Dataset records: Begin

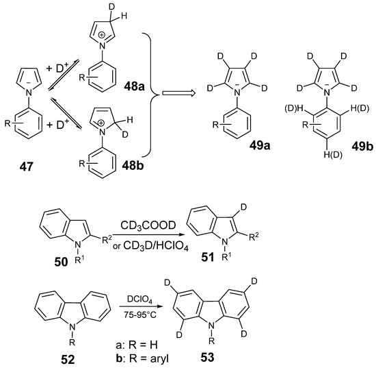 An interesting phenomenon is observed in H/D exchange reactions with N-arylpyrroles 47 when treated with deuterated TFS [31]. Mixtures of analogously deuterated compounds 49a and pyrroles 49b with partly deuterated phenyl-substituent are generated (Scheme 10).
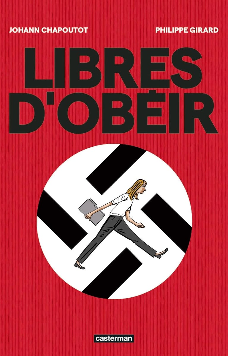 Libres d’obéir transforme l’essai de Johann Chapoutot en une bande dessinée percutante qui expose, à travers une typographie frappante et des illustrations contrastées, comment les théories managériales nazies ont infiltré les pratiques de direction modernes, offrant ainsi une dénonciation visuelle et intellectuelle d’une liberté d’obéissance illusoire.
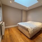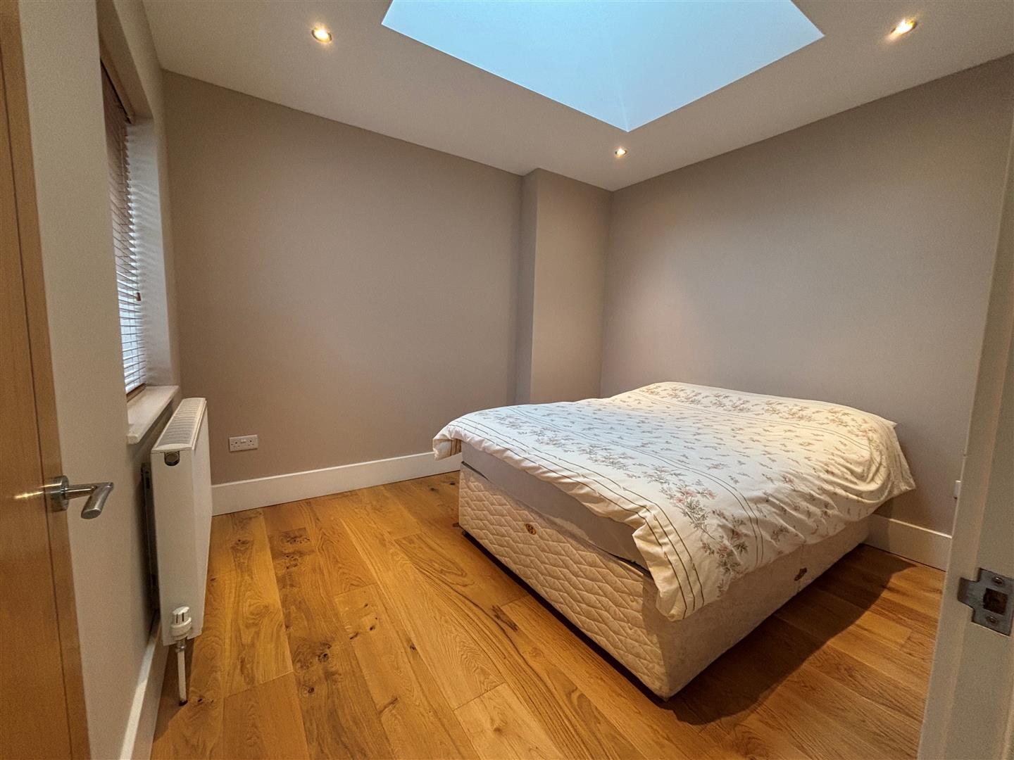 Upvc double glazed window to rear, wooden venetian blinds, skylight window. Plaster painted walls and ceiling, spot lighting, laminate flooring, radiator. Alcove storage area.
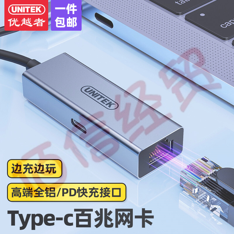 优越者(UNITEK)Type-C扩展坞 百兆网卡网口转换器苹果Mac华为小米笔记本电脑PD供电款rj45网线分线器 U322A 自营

Dataset records: End
Dataset records: Begin

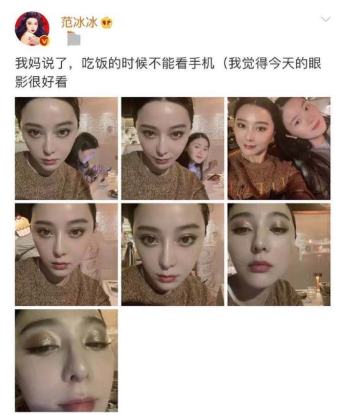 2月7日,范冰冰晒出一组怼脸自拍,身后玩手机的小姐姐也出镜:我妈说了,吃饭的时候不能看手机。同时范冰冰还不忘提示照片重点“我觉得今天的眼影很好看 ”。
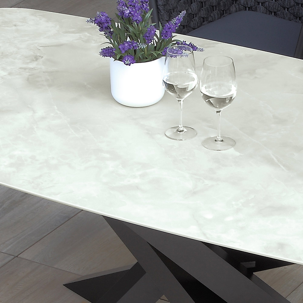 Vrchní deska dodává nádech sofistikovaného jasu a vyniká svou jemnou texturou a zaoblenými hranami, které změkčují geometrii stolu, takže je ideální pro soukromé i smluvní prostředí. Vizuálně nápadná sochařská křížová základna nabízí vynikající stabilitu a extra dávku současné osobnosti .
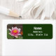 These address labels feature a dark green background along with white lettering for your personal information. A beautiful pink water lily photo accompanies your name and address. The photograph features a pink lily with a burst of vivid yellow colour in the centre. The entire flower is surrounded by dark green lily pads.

Dataset records: End

### Your goal
Copy the entries above exactly, but only the stretch from the line containing "Libres d’obéir transforme" through the line containing "优越者(UNITEK)Type-C扩展坞 百兆网卡网口转换器苹果Mac华为小米笔记本电脑PD供电款rj45网线分线器 U322A". Keep both end lines; drop the pictures.

### Result of the exercise
 Libres d’obéir transforme l’essai de Johann Chapoutot en une bande dessinée percutante qui expose, à travers une typographie frappante et des illustrations contrastées, comment les théories managériales nazies ont infiltré les pratiques de direction modernes, offrant ainsi une dénonciation visuelle et intellectuelle d’une liberté d’obéissance illusoire.
 Upvc double glazed window to rear, wooden venetian blinds, skylight window. Plaster painted walls and ceiling, spot lighting, laminate flooring, radiator. Alcove storage area.
 优越者(UNITEK)Type-C扩展坞 百兆网卡网口转换器苹果Mac华为小米笔记本电脑PD供电款rj45网线分线器 U322A 自营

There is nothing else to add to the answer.